#### Task inputs ####
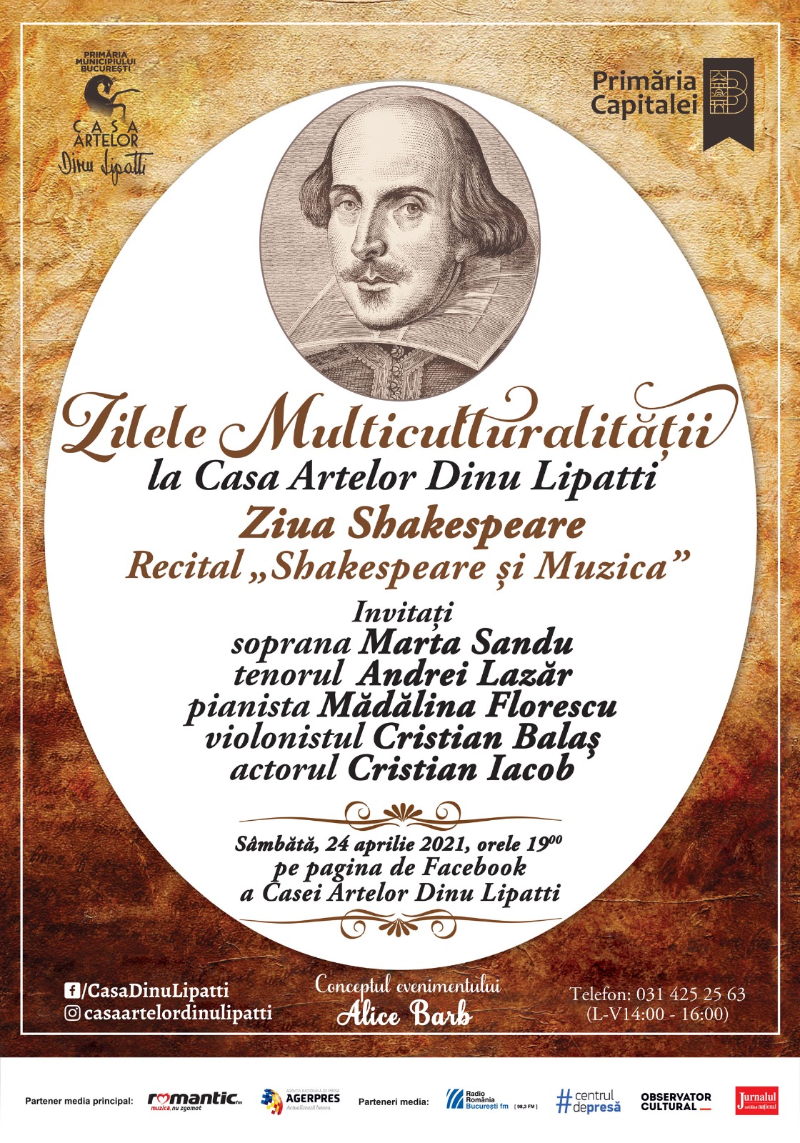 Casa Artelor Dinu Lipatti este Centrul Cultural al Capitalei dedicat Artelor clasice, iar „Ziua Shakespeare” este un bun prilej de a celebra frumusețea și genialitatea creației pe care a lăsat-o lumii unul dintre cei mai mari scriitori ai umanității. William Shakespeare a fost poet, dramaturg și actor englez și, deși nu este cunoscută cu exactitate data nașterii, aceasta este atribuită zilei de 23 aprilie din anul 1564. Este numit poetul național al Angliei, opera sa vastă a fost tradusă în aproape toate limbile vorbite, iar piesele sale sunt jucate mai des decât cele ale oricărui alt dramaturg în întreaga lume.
####
#### Task inputs ####
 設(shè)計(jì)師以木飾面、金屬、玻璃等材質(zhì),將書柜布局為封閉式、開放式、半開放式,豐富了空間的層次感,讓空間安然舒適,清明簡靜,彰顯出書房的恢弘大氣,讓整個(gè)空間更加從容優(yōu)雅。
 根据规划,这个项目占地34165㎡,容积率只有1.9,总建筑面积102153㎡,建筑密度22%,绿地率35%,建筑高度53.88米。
####
### Work to be completed
In the entries above, find the line with "設(shè)計(jì)師以木" and the line with "根据规划,这个项目占地341", then restate word for word both of them and every line between, with nothing more.

### Result of the exercise
 設(shè)計(jì)師以木飾面、金屬、玻璃等材質(zhì),將書柜布局為封閉式、開放式、半開放式,豐富了空間的層次感,讓空間安然舒適,清明簡靜,彰顯出書房的恢弘大氣,讓整個(gè)空間更加從容優(yōu)雅。
 根据规划,这个项目占地34165㎡,容积率只有1.9,总建筑面积102153㎡,建筑密度22%,绿地率35%,建筑高度53.88米。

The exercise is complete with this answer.